In order to examine the movement of fluid in the fracture plane more closely, we take a sliced cross section in the y-direction of the reservoir-fault system. The velocity profiles in the fracture and the two wells are plotted in Fig. 17c for the different capillarity and permeability scenarios. The velocity of the flow is computed from the information on the fluxes passing through the system and the resolution of the grids. The velocity is observed to be much higher in the fracture compared to that in the well, because a finer grid is used to represent the fracture elements. We notice that for all permeability cases, the velocity is higher when capillary pressure is used; an observation consistent with the conclusion drawn from the saturation and water cut profiles earlier. Furthermore, the angle of the permeability tensor did not affect the velocity of the flow in the fault as the profiles of cases C2 and C3 overlap. However, for case C1, the velocity is the highest when scalar permeability is used, as the flow occurs naturally without any opposition.

Finally, we show some computational results in Fig. 18 which highlights that the introduction of capillarity into the problem add physical complexities to the modeling process and thus requiring a larger number of steps and nonlinear iterations to converge to a desirable solution. However, the final answer would be more representative of the real nature of fluid flow in the porous media.

Fig. 18
figure 18

Test II computational results. The nonlinear iterations increase in b because of the high complexity of the problem due to the imbibition phenomena in b

6 Conclusions and Recommendations

The results of the numerical study presented in this work show the robustness and the efficiency of the novel fully implicit numerical approach combining MFD and DFM techniques to model two phase flow in fractured porous media in the presence of capillarity effects. The imbibition phenomenon was investigated during the production of oil from fractured reservoirs, and was successfully analyzed in the light of the wettability of the rock while considering full permeability tensors and unstructured grids.

The following conclusions can be drawn from this work:

  1. (1)

    The comparison between the numerical and the analytical solutions for spontaneous imbibition processes in a closed system with different wetting rock states showed a great match as the oil and water phases mobilize to achieve equilibrium in the system.

  2. (2)

    The orientation of the fracture and the full permeability tensor affects greatly the speed of water breakthrough in certain producing systems. If the principal direction of the permeability tensor is aligned with the fracture orientation, water tends to flow in the fracture first thus missing oil spots in the matrix (depends greatly on the wetness of the rock.

  3. (3)

    The amounts of recovered water at the producer are not greatly affected by the changes in the wettability of the rock, but rather the path of the curve and the time at water breakthrough happens.
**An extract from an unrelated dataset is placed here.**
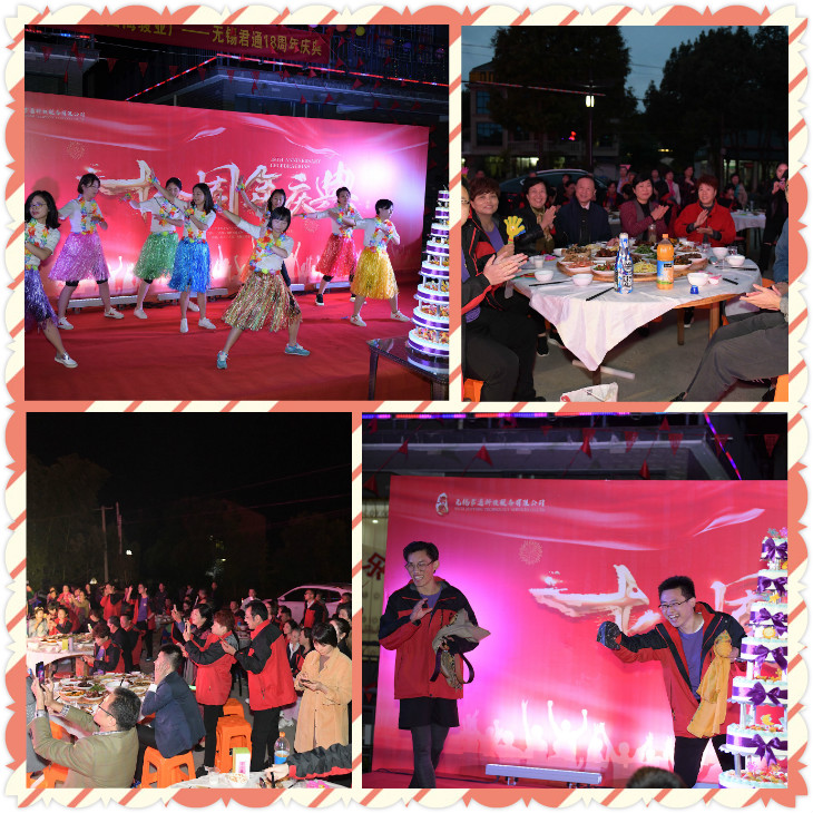 活動(dòng)過(guò)后伙伴們都換裝啦,經(jīng)過(guò)一番打扮,美女帥哥們齊上陣,來(lái)到簽名墻簽到留影,這氣場(chǎng)陣勢(shì)一點(diǎn)不輸明星啊!簽到留影完畢,我們的鏡頭聚焦到主會(huì)場(chǎng)---18典的晚會(huì)現(xiàn)場(chǎng)。璀璨奪目,星光熠熠的舞臺(tái)場(chǎng)景增添了慶典的氣氛。一波又一波的高潮,久久未能平息,才子佳人們的載歌載舞,市場(chǎng)部的獨(dú)舞,團(tuán)舞,客服熱辣的草裙舞,新晉團(tuán)隊(duì)歌王康總,談經(jīng)理,朱經(jīng)理的獻(xiàn)唱; 吳老師夫婦的京劇表演以及還有來(lái)自遠(yuǎn)方的寧夏藝術(shù)團(tuán)的張老師,因?yàn)楸晃覀兊膽c典氛圍感染,自發(fā)上來(lái)表演了一段京劇,把晚會(huì)的前半段推向了。康總精心準(zhǔn)備的抽獎(jiǎng)獎(jiǎng)項(xiàng)也是掀起了一股熱浪,設(shè)置了ipad作為獎(jiǎng)項(xiàng),雖說(shuō)初秋的夜晚有點(diǎn)小涼,但是因?yàn)槲覀兪酥苣晖頃?huì)的舉辦,引來(lái)了當(dāng)?shù)鼐用竦膰^,拍手稱(chēng)贊,使得大家覺(jué)得格外的溫暖。客戶(hù)的祝福視頻看的讓我們君通人感到自豪與感動(dòng),歡快的時(shí)光總是覺(jué)得時(shí)間很快,晚會(huì)在意猶未盡中結(jié)束,但是熱度一直在持續(xù)。
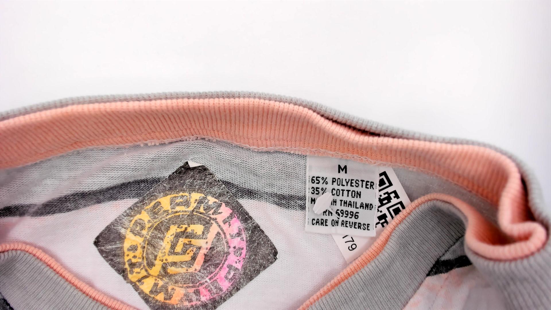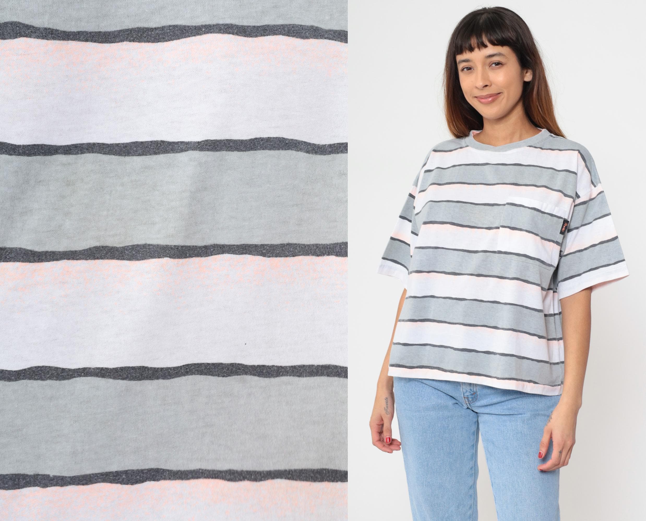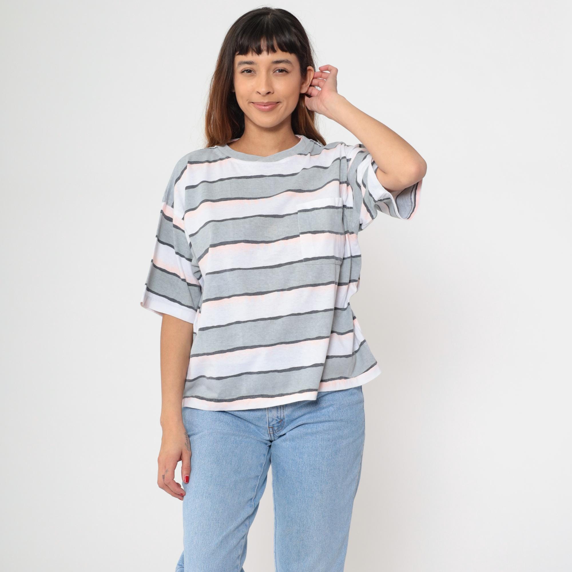 90s striped t-shirt in white, gray, pale pink, and charcoal horizontal stripes. Relaxed boxy fit with short sleeves, crew neckline with ribbed trim.

On the other hand, the wetting state affects remarkably the amount of the oil produced from a certain model.

  4. (4)

    Introducing capillary forces between the fractures and the matrix impose physical complexities on the problem, which in turn adds to the computational time and the newton iterations needed by the MFD method to converge to a satisfactory solution.

In summary, this work introduced a new approach to study the effect of the wettability of the rock and the associated capillary forces on the performance of the fully implicit MFD method to predict oil recovery ratios with fractures present in the system. The MFD method proved to be robust in preserving the physics of the problem, and accurately mapping the flow path in the investigated domains. Future work will focus on comparing the performance of the MFD method against other discretization schemes for the same application of modeling spontaneous imbibition, and investigating the effect of heterogeneous permeability on the wettability of the rock and the oil recovery process.